PARC, “phenotyping by accelerated refined community-partitioning” - is a fast, automated, combinatorial graph-based clustering approach that integrates hierarchical graph construction (HNSW) and data-driven graph-pruning with the new Leiden community-detection algorithm. PARC:ultrafast and accurate clustering of phenotypic data of millions of single cells.

Check out Readthedocs for An installation guide, examples on different data and tutorials.

✳️ PARC forms the clustering basis for our new Trajectory Inference (TI) method VIA available on Github or readthedocs. VIA is a single-cell TI method that offers topology construction and visualization, pseudotimes, automated prediction of terminal cell fates and temporal gene dynamics along detected lineages. VIA can also be used to topologically visualize the graph-based connectivity of clusters found by PARC in a non-TI context.

Installation

Using pip

conda create --name ParcEnv pip 
pip install parc // tested on linux

Cloning repository and running setup.py (ensure dependencies are installed)

git clone https://github.com/ShobiStassen/PARC.git 
python3 setup.py install // cd into the directory of the cloned PARC folder containing setup.py and issue this command

install dependencies separately if needed (linux) If the pip install doesn't work, it usually suffices to first install all the requirements (using pip) and subsequently install parc (also using pip)

pip install igraph, leidenalg, hnswlib, umap-learn
pip install parc

Windows installation Once you have Visual Studio installed it should be smooth sailing (sometimes requires a restart after intalling VS).

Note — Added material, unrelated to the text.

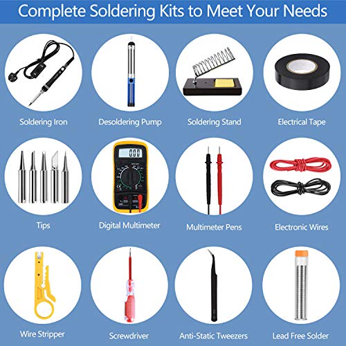 - COMPLETE SOLDERING IRON KIT:soldering kit comes with a 60W temperature controlled soldering iron with ON/OFF switch, digital multimeter, 2 multimeter pens, 5 soldering tips, stand, cleaning sponge, desoldering pump, solder wire, tweezers, screwdriver, wire stripper cutter, insolation tape, 2 electronic wires, PU carry bag and manual. Perfect choice for beginners, professional users and hobby enthusiast.

It might be easier to install dependences using either pip or conda -c conda-forge install. If this doesn't work then you might need to consider using binaries to install igraph and leidenalg.

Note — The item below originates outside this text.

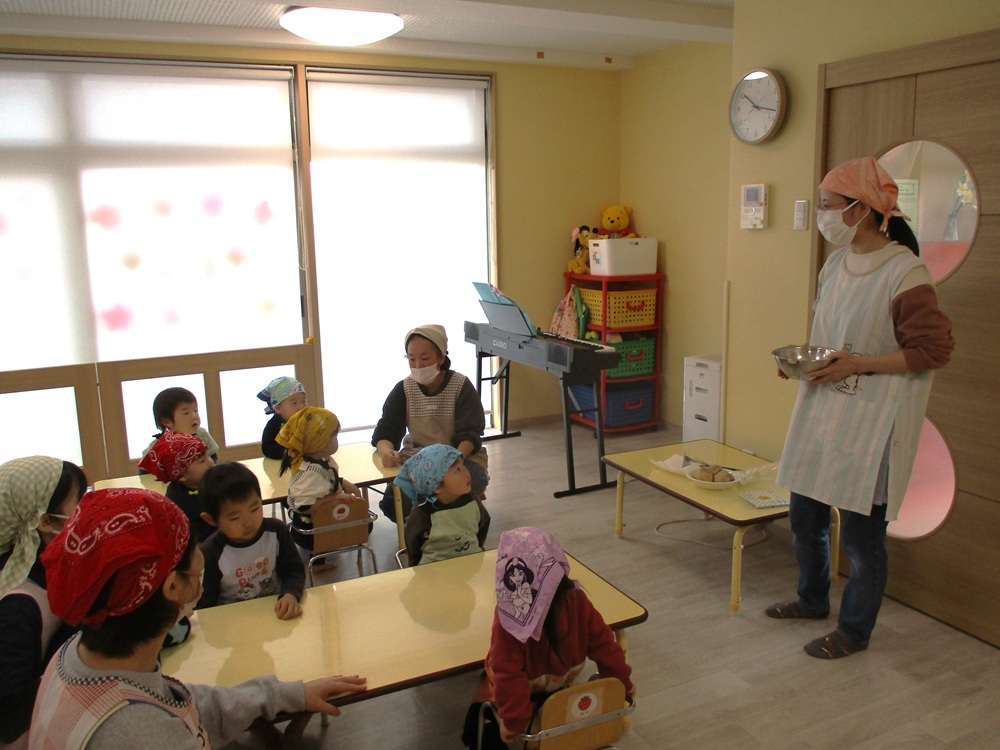 エプロン、三角巾を付けて手洗いをしてから椅子に座りました。

python-igraph: download the python36 Windows Binaries by Gohlke leidenalg: depends on python-igraph. download windows binary available for python3.6 only

conda create --name parcEnv python=3.6 pip
pip install igraph #(or install python_igraph-0.7.1.post6-cp36-cp36m-win_amd64.whl )
pip install leidenalg #(or install leidenalg-0.7.0-cp36-cp36m-win_amd64.whl)
pip install hnswlib
pip install parc

Example Usage on Covid-19 scRNA-seq data

Check out the Jupyter Notebook for how to pre-process and PARC cluster the new Covid-19 BALF dataset by Liao et. al 2020. We also show how to integrate UMAP with HNSW such that the embedding in UMAP is constructed using the HNSW graph built in PARC, enabling a very fast and memory efficient viusalization (particularly noticeable when n_cells > 1 Million)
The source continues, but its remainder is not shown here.